Schools in Scotland, Uganda and Chile among ‘world’s best’ in new prize
LONDON (Reuters) – Schools in Scotland, Uganda, Chile, Philippines and the United States triumphed at the inaugural “World’s Best School Prizes” on Wednesday for feats including saving mangroves and expanding classrooms in an area hit by war.
The five schools shared $250,000 in prize money for supporting pupils and communities, especially during the pandemic, in the awards organised by global body T4 Education.
Dunoon Grammar School in Scotland won the category of community collaboration for skill-based courses, including in travel and tourism, design and maritime studies, intended to stem a brain-drain.
Escuela Emilia Lascar in Penaflor, Chile won for innovation for its “Emilia TV” programme which addressed issues from mental health to gender identity.
Bonuan Buquig National High School in Dagupan City, Philippines took the environmental prize for helping rehabilitate lost mangroves and provide new habitats for fish.
From two classrooms to schooling 450 pupils, Project Shelter Wakadogo in north Uganda won the prize for overcoming adversity after locals secured land, levelled roads and planted vegetables for school meals in an area that suffered from civil war.
Curie Metropolitan High School in Chicago, Illinois, won the supporting healthy lives prize for providing an arts programme for students, many from minorities, as well as integrated health services.

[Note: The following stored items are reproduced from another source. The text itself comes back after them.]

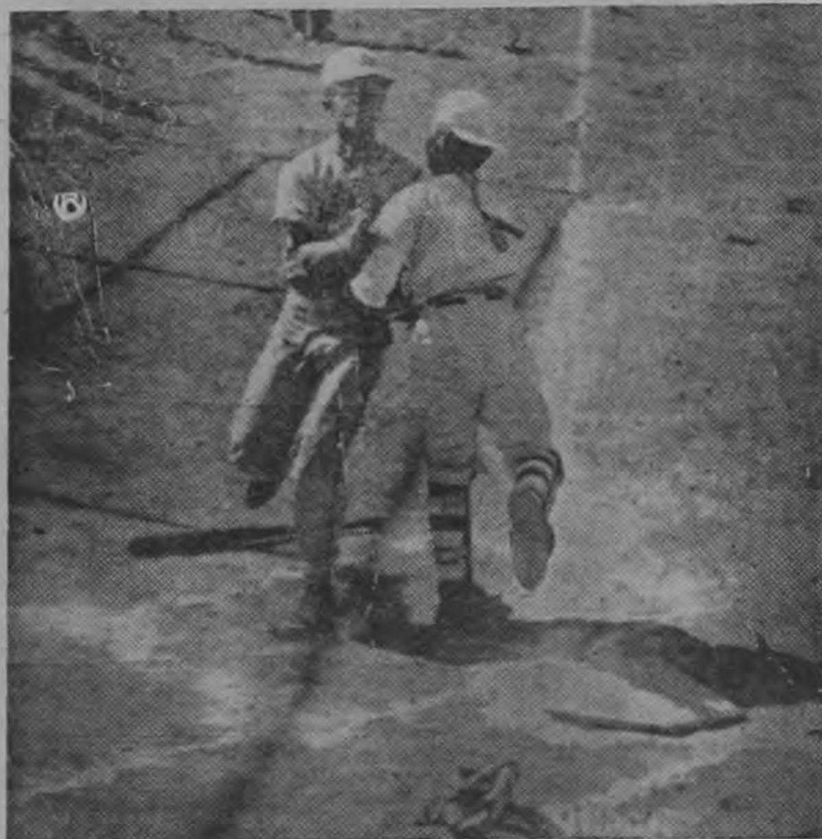
Este fue uno de los outs en home que se produjeron en el juego entre Viceitas y Suerres que terminó con el triunfo de los primeros por ocho carreras contra cero. Con estos dos encuentros se declaró inaugurada la temporada oficial de béisbol menor.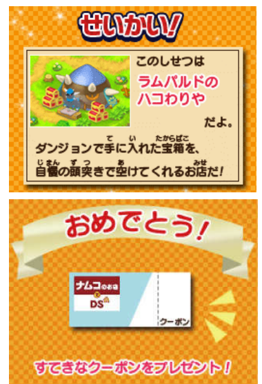
ナムコのお店でDS 「ポケモンダンジョン間違い探し」クイズ画面

「ニンテンドーゾーン」について 「ニンテンドーゾーン」とは、任天堂株式会社の携帯ゲーム機「ニンテンドーDS シリーズ(3DSLL, 3DS, DSiLL, DSi, DS Lite, DS)」のWi-Fi通信を利用したネットワークサービスです。 「ニンテンドーゾーン」対象エリアでは、任天堂株式会社の携帯ゲーム機「ニンテンドーDS シリーズ」を持参するだけで、特別な設定をすることなく、オリジナルコンテンツを遊んだり、ソフトの体験版をダウンロードしたり、ニンテンドーe ショップやニンテンドーDSi ショップに接続して、ダウンロード専用ソフトを購入したりすることができます。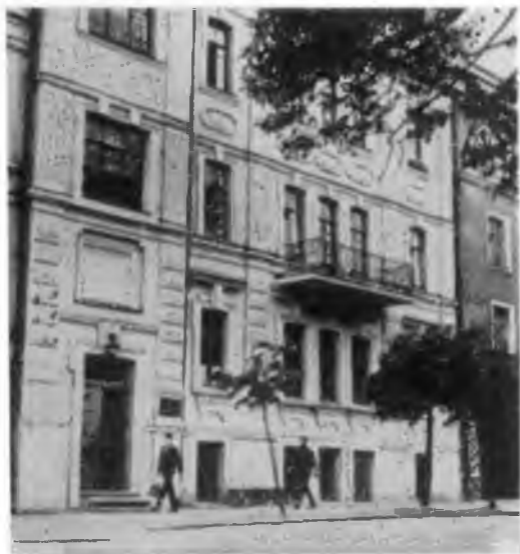
Псков. Дом по ул. Ленина, 3, где располо- жена квартира-музей В. И. Ленина. На третьем этаже второе слева окно комнаты, которую занимал В. И. Ленин в 1900 г.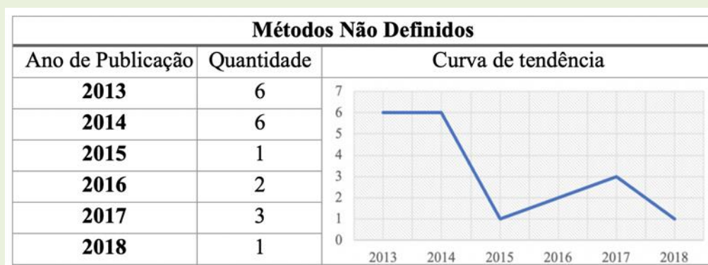
TABELA 2 – Método não definidos

De certo que as avaliações apresentadas se deram em tempo anterior ao vivenciado hoje e como o presente estudo busca padrões recentes, percebeu-se que a ausência de definições tem decaído no período investigado, como se demonstra na Tabela 2 e no gráfico de linha logo abaixo, revelando avanço: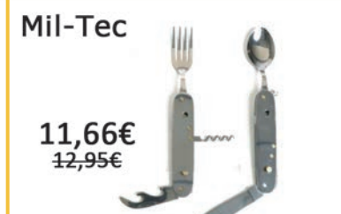
Set Cubiertos en Inox. Tenedor, Navaja, Cuchara, Sacacorchos y Abrelatas.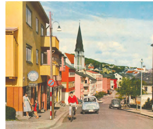
Utsnitt av postkort fra etterkrigstiden.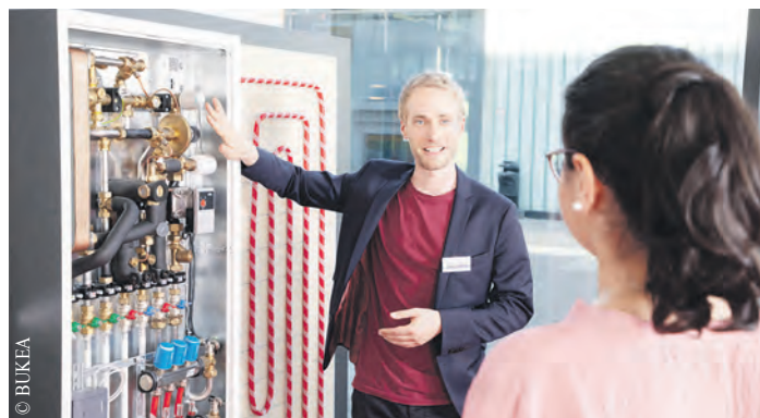
Die Begleitung durch die Hamburger Energielotsen kann dazu beitragen, dass Ratsuchende ihr Vorhaben erfolgreich beenden.

Wir kaufen Wohnmobile + Wohnwagen Telefon: 03944-36160 www.wm-aw.de Fa.

“Far too many children will continue to be left behind in the wake of COVID unless governments take urgent action to tackle the education crisis,” T4 Education and the prizes founder Vikas Pota said in a statement.
“As a first step, they must turn to the knowledge and experience contained within our schools because those on the frontlines of education know better than anyone else the change we need to see.”
Founded during the pandemic, T4 brings together teachers from around to world via a digital platform providing tools and initiatives for education.